NCAA Tournament appearances
- 2025

Conference tournament championships
- 2025

Regular-season conference championships
- 2023

= Saint Louis Billikens softball =

College softball team

The Saint Louis Billikens softball is the team that represents Saint Louis University in the NCAA Division I college softball. The team currently competes in the Atlantic 10 Conference (A-10).

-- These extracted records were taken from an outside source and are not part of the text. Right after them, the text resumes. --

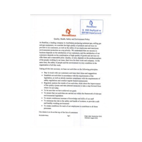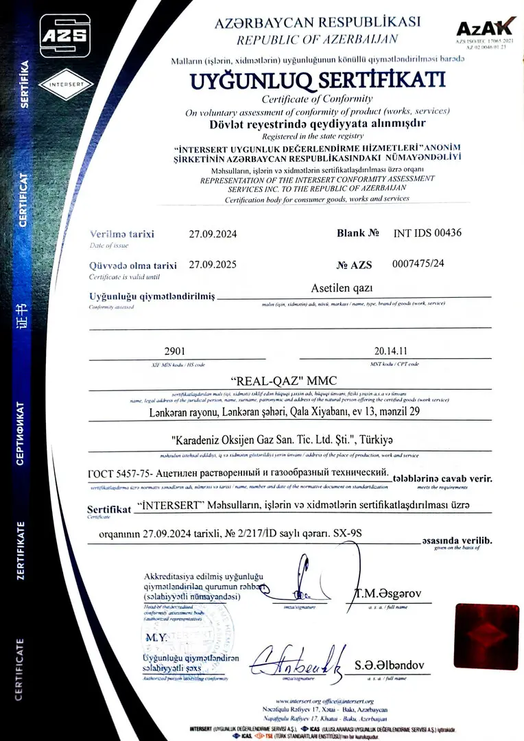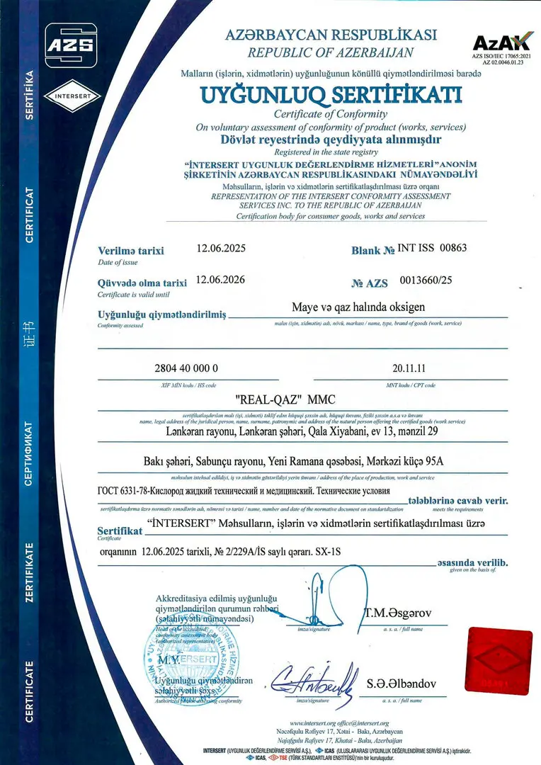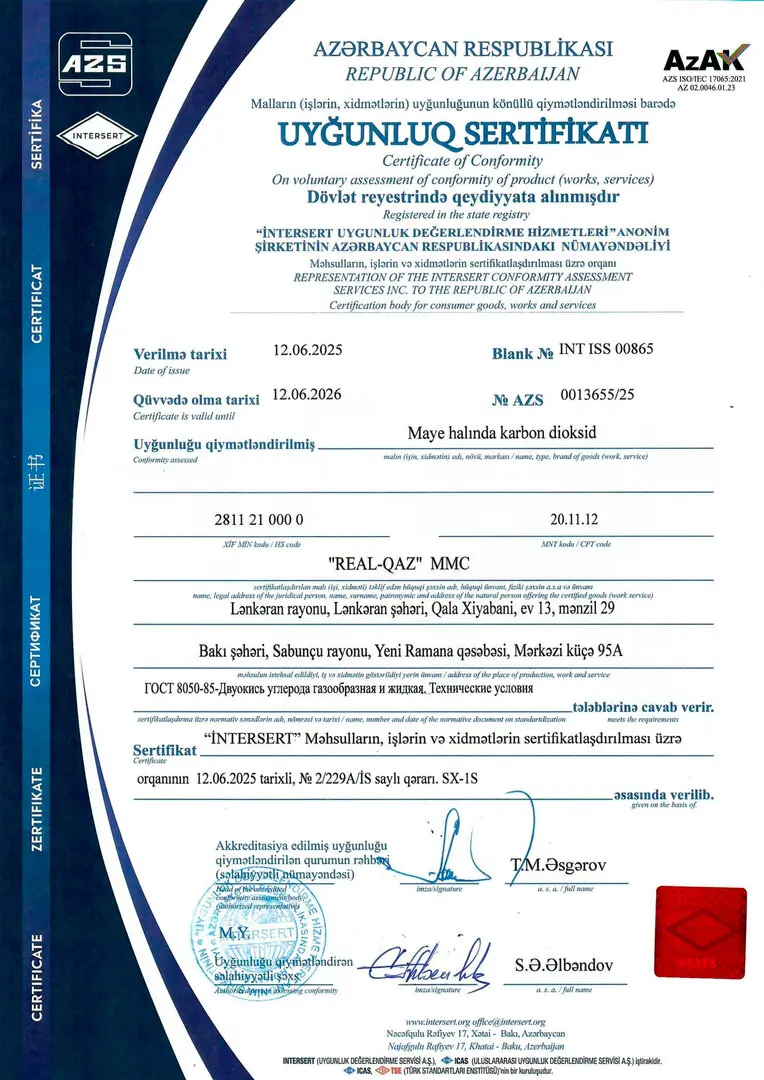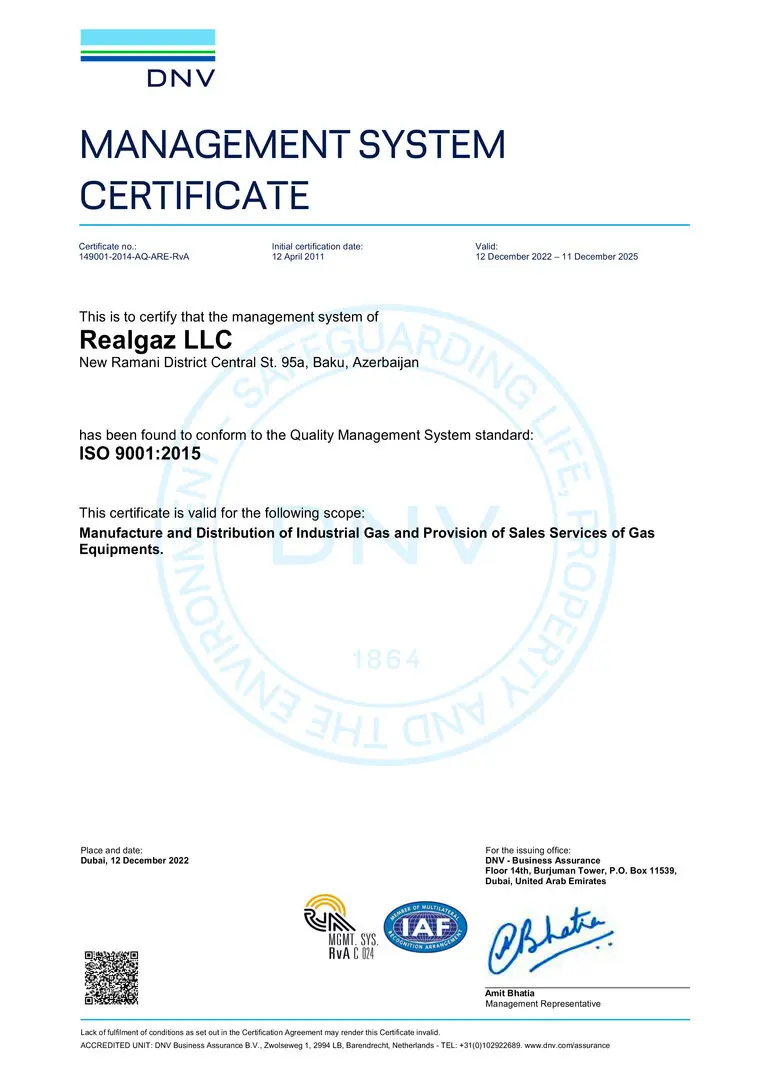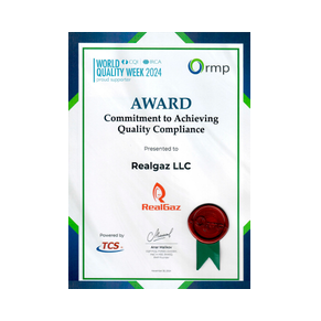 Real-Qaz Azərbaycan Respublikasında texniki qazlar sahəsində ISO 9001:2000 sertifikatını alan ilk şirkət olmuşdur. Bu sertifikat 7 dekabr 2005-ci ildə, həmçinin OHSAS 18001:2007 sertifikatı ilə birlikdə verilmişdir. Bu qabaqcıl keyfiyyət öhdəliyi şirkətimizin regionda keyfiyyət lideri kimi nüfuzunu möhkəmləndirmişdir.Bu öncül öhdəlik sayəsində bölgədə həqiqi keyfiyyət lideri kimi nüfuz qazanmışıq.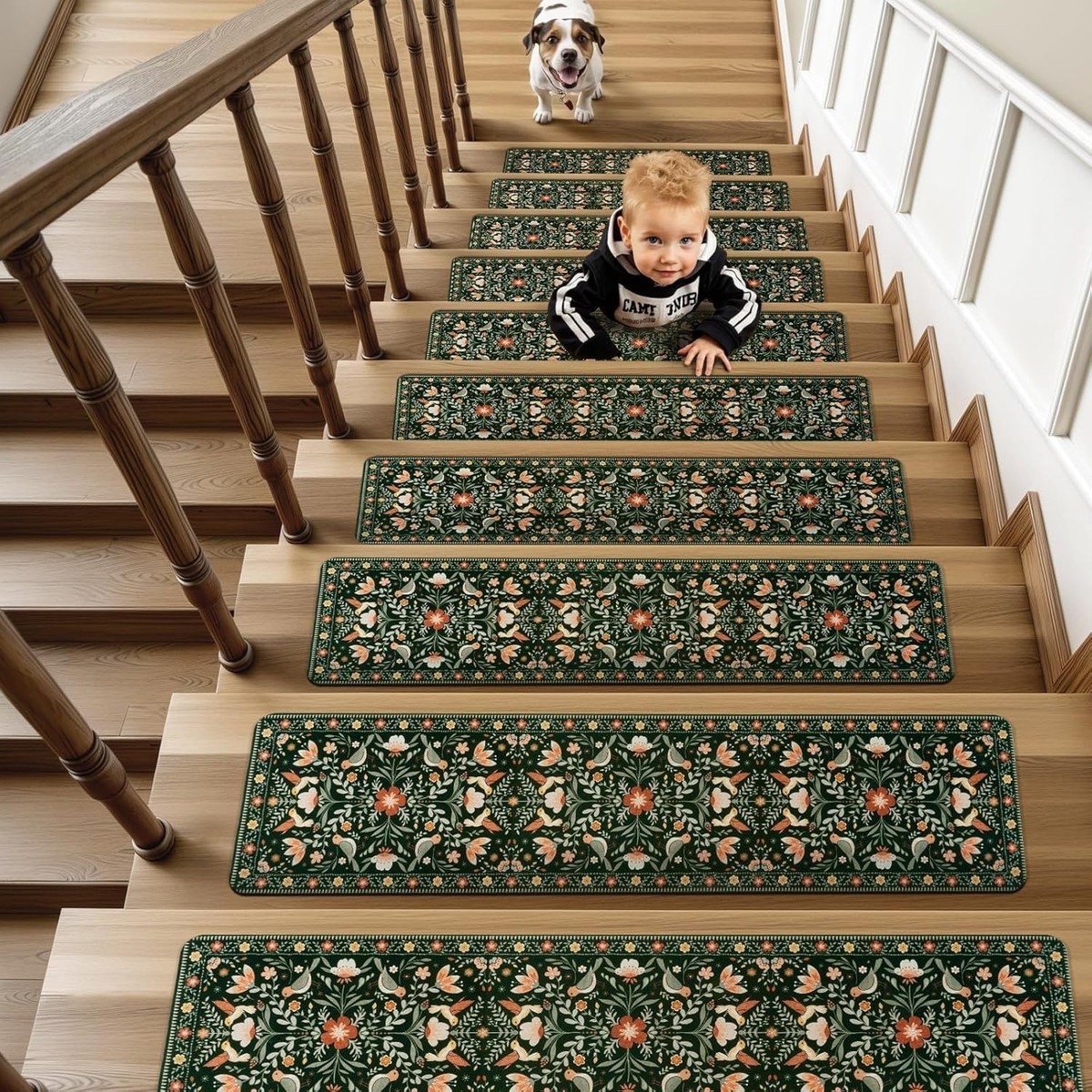 30"x8" Washable Non-Slip Stair Runner - 15PC Floral Protection for Kids & Pets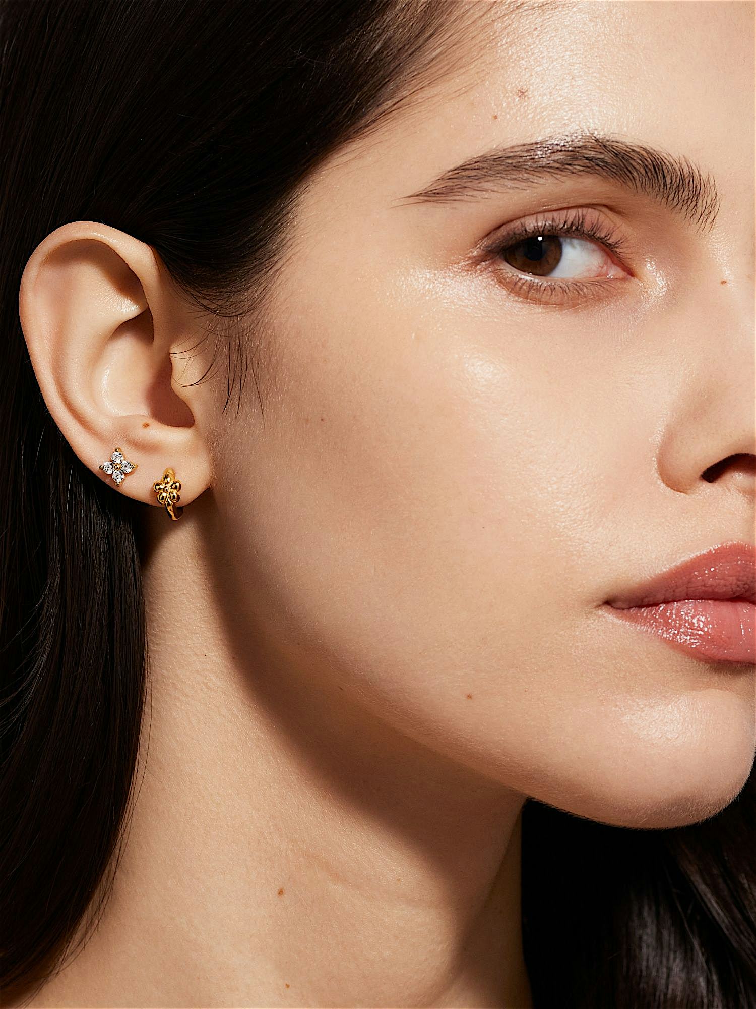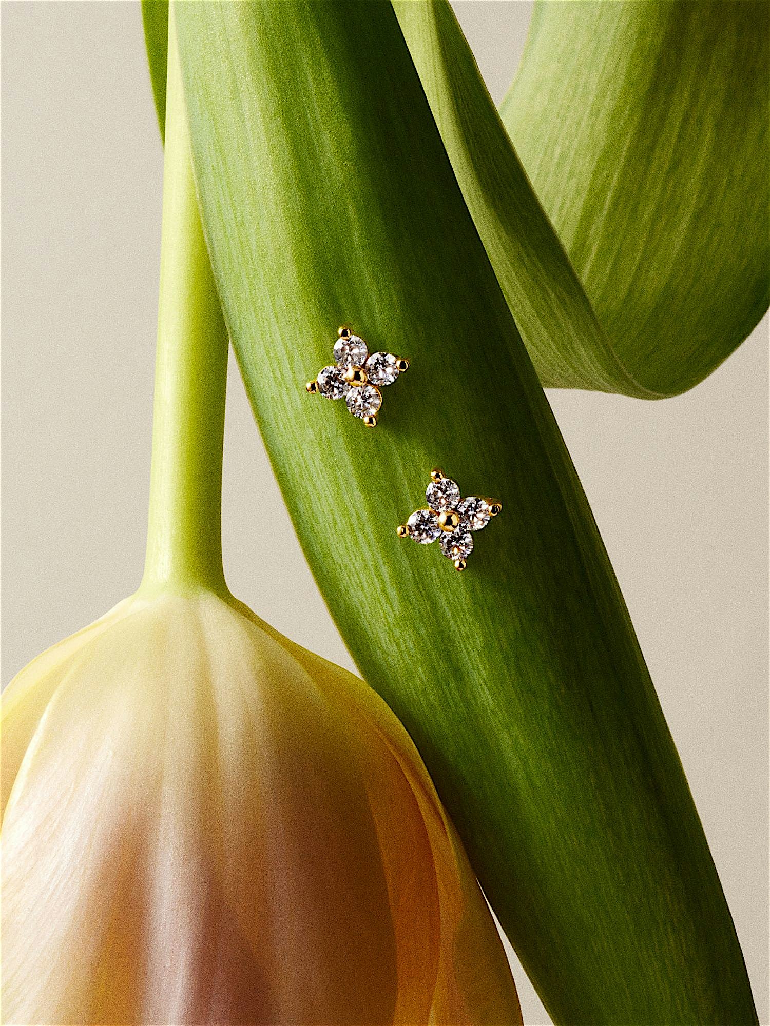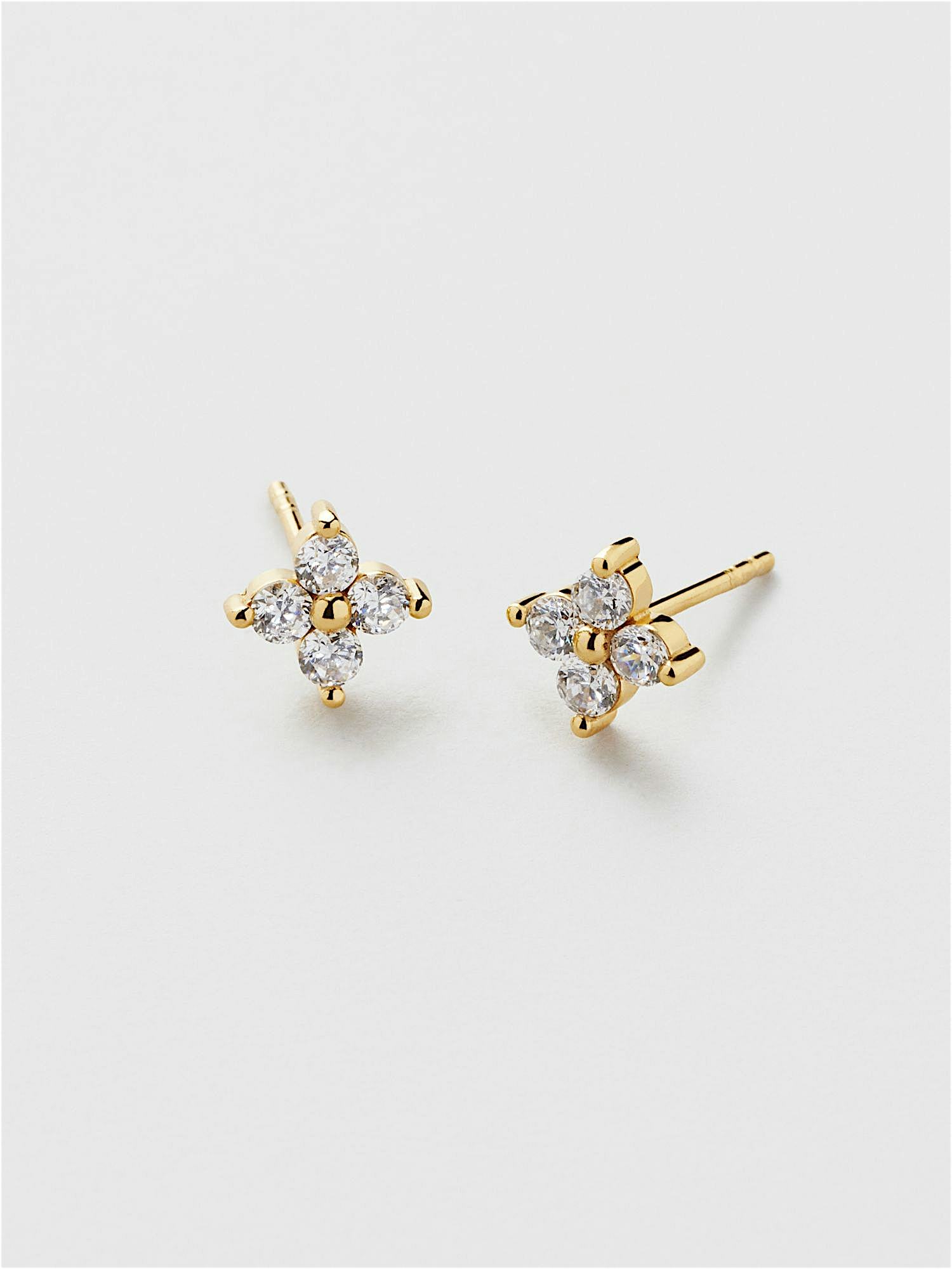 Studs örhängen i äkta 925 sterling silver, prydda med klara Cubic Zirconia stenar. Guldörhängena är förgyllda med äkta 24K guld och har en kärna av äkta 925 sterling silver. Denna produkt är tillverkad av 100% återvunnet silver.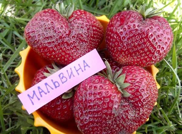 Jedna od najpopularnijih kasnih sorti je Malvina. Odlikuje se velikim plodovima (do 45 g) s izraženim slatkim okusom i visokim sadržajem šećera. Sorta je uzgojena nedavno - u Njemačkoj 2010. godine. Na početku zrenja bobica ima lijepu grimiznu boju, a kraj - duboko burgundac. Meso je slatko srednje gustoće. Jagoda "Malvina" ne podliježe negativnom utjecaju sunca i dobro podnosi kišno vrijeme. Razdoblje plodonošenja pada krajem lipnja i početkom srpnja, kada su sve rane sorte već izblijedjele.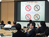 その後、質疑応答を含め1時間半の勉強会が終了しましたが、まだカラーユニバーサルデザインの入り口にすぎません。これからは各職場に応じた色の課題を掘り起こし、スタッフで話し合い、そして解決に向けた行動が必要となります。映像だけでなく紙媒体やイベントの案内表示にいたるまで、勉強会の内容がフジテレビをはじめとする各社の業務に遺憾なく発揮されなければなりません。このテーマを、今後のフジテレビのCSR活動の一環として推進したいと考えています。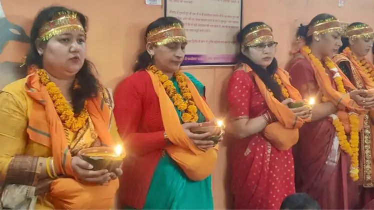 - आरंभ: मंगलवार को गोधूलि बेला में शाम 5 बजकर 30 मिनट पर मंदिर के महंत आशुतोष पुरी ने अनुष्ठान में शामिल दंपतियों के हाथों में रखे दीपक प्रज्वलित कर अनुष्ठान का शुभारंभ किया।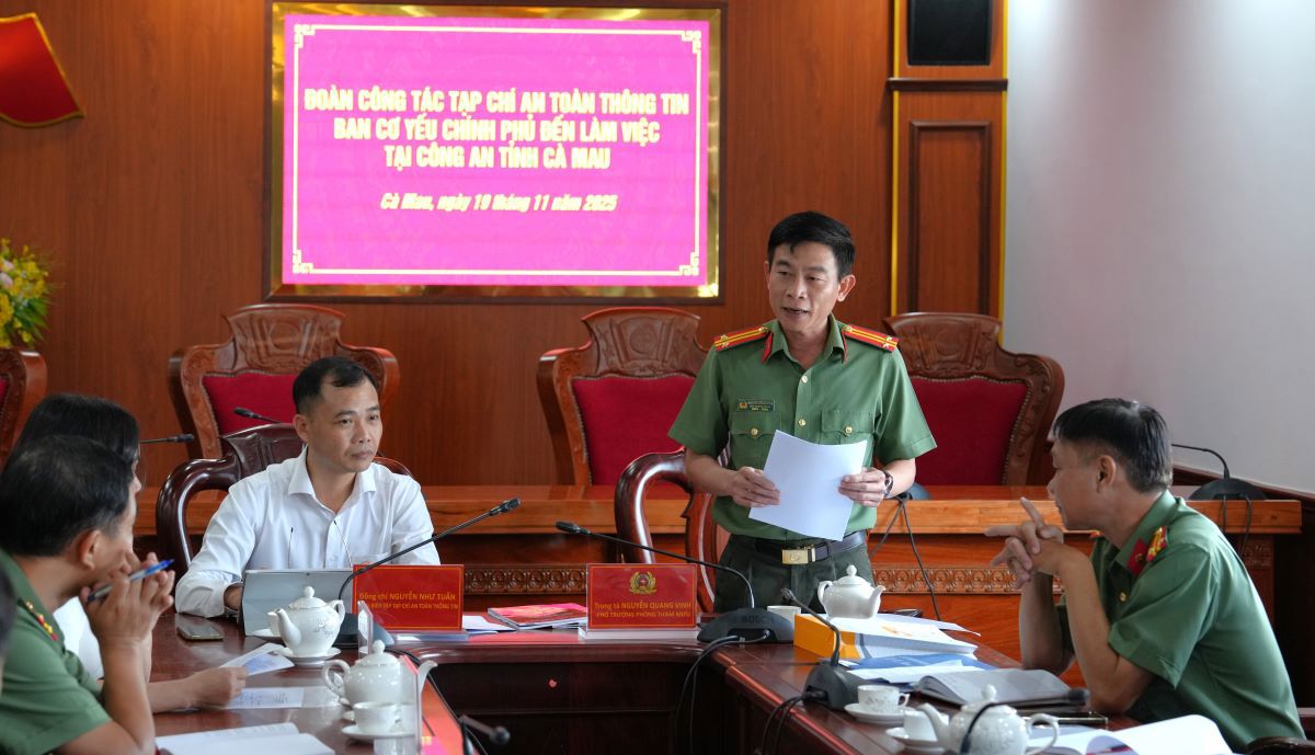 Phát biểu tại buổi làm việc, đồng chí Nguyễn Như Tuấn, Tổng Biên tập Tạp chí An toàn thông tin chia sẻ rằng: “Qua chuyến công tác thực tế lần này, chúng tôi cảm nhận rõ tinh thần quyết tâm của Công an tỉnh Cà Mau trong việc bảo đảm an toàn thông tin, phục vụ hiệu quả mọi hoạt động chỉ đạo và điều hành trên địa bàn tỉnh. Chúng tôi mong rằng trong thời gian tới, Công an tỉnh Cà Mau sẽ tiếp tục duy trì sự phối hợp chặt chẽ với Ban Cơ yếu Chính phủ và các cơ quan liên quan, cùng xây dựng một môi trường làm việc số an toàn, hiệu quả. Tạp chí An toàn thông tin sẽ tiếp tục đồng hành, phản ánh kịp thời những mô hình hay, kinh nghiệm tốt để lan tỏa những giá trị đó trong toàn ngành”.

From 1987 until 1991, the team was a member of the Midwestern Collegiate Conference. From 2000 until 2005, the team was a member of the Conference USA (C-USA). The Billikens are now currently led by their head coach Christy Connoyer. The team plays its home games at Billiken Sports Center which is located on the university's campus.

==History==
The Billikens have been a member of the Atlantic 10 Conference since 2006. The team won their first regular season championship in 2023 after finishing the season with a 30–26 record, one of the best records in program history. However, the team has failed to win the Atlantic 10 Conference tournament, subsequently failing to qualify for the NCAA Division I softball tournament. Since forming a team in 1978, the Billikens have failed to advance to the tournament.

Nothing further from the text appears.